Malam Bainai merupakan tradisi adat Minang yang dilakukan sebelum tiba hari pernikahan. Dalam acara ini, terdapat beberapa prosesi-prosesi yang harus dijalani oleh mempelai wanita.
Bahkan, Anak Daro, sebutan untuk pengantin wanita, akan memakai busana adat khusus untuk prosesi Malam Bainai. Busana ini bernama Baju Tokah. Tak hanya itu, Anak Daro akan memakai suntiang, hiasan kepala khas adat Minang. Namun, suntiang yang digunakan pada prosesi ini berbeda dengan yang digunakan pada hari pernikahan.
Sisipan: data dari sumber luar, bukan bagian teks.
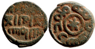
1121 Antik coin 14mm 1,76g
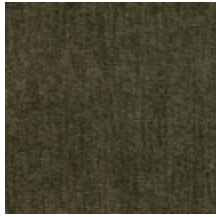
0616-32 SMART - KAKI
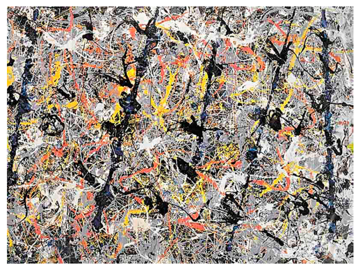
Fig. 14 Master Pollock, Number 11 (Blue Poles) , 1952, National Gallery of Australia in Sydney Сл. 14 Полок, Број 11 (Тажни полови ), 1952, Национална галерија на Австралија во Сиднеј

frescoes of Marko's monastery – highly appropriate to the dramatically nuanced historical heroism of King Marko's reign, as well as the mosaic pavements of Heraclea Lyncestis - filled with a refined spectrum of religious messages transmitted through the medium of visual creation, are, also, works of art that go beyond the rational sphere of expressive ideas channelized into impressive spectacles. Looking at the colossal composition at Heraclea, gazing at the spectacular fresco panorama in King Marko's monastery,
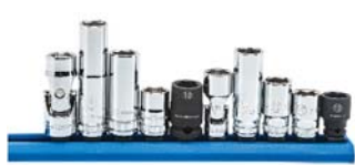
80576 - 10 Pc. 1/4" & 3/8" Drive 12 MM Socket Set
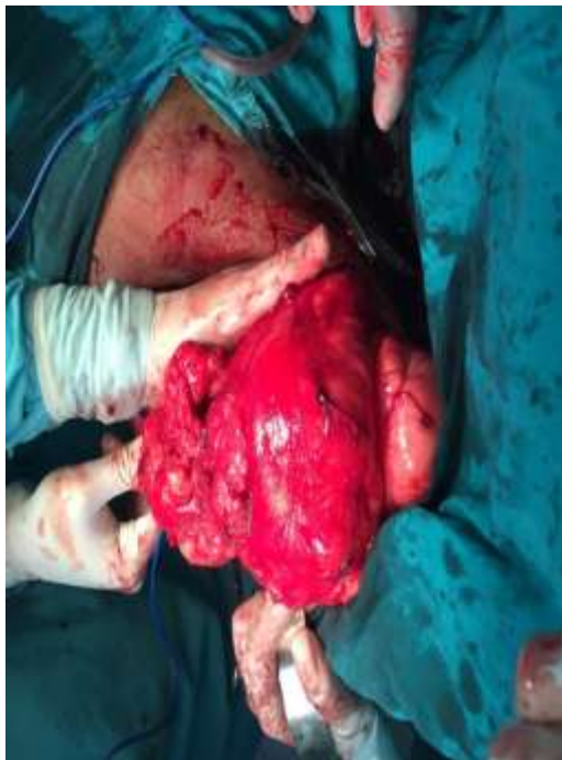
Figure 5 :Intra-operative image showing excision of giant lipoma.
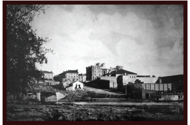
Court House and Gaol c.1878

Throughout the years, this historic building has undergone extensive renovations while still keeping the integrity of its original appearance. The Court House and Gaol became a National Historic Site of Canada in 1955. Since the late 1970s, the former London District Courthouse and Gaol have accommodated the Middlesex County Council Chambers and the County Administrative Services and has stood as a visible link between Middlesex County and the City of London.

Malam Bainai turut menjadi perhatian menarik dari seniman lukis Henna Kota Medan, Jayanti Mandasari atau dikenal sebagai Jayanti Mahendi. Kurang lebih 12 tahun menekuni profesi tersebut, kini Jayanti yang akrab disapa Jay tertarik menekuni profesi baru sebagai pembawa acara (MC) adat Minang, yakni Malam Bainai.
Jay mengakui, hal ini bukan menjadi keuntungan semata, namun profesi tersebut sudah ia lakoni ketika duduk di bangku perkuliahan.
"Dulu saya kerap didaulat sebagai pembawa acara di beberapa organisasi yang saya ikuti. Maka itu, ketika menjadi MC Malam Bainai langsung saya lakukan," tuturnya, Rabu (14/12/2022).
Ibu dari dua anak berdarah asli Minang ini berasal dari Pariaman dengan Ayah bernama Alm H Suhermanto Sikumbang dan ibu Hj Zuliaty Koto. Dengan marga Koto yang didapat dari ibunya sesuai adat minang yang mana marga bersifat Matrilineal atau berdasarkan garis keturunan ibu.
"Kini setelah 3 kali memandu acara adat Malam Bainai, saya ingin memantapkan lagi profesinya sebagai MC Malam Bainai, dengan harapan semoga adat budaya Minangkabau dapat terus dilestarikan dan dijalankan sesuai adat aslinya," katanya.
Jay menambahkan, tradisi ini pada awalnya dilakukan sebagai salah satu cara untuk menolak bala bagi pengantin menjelang hari bahagianya.
Tradisi ini tak digelar sekadar sebagai simbol pelepasan masa lajang pada mempelai wanita, melainkan sebagai momen berkumpulnya seluruh keluarga untuk memberikan restu dan juga doa.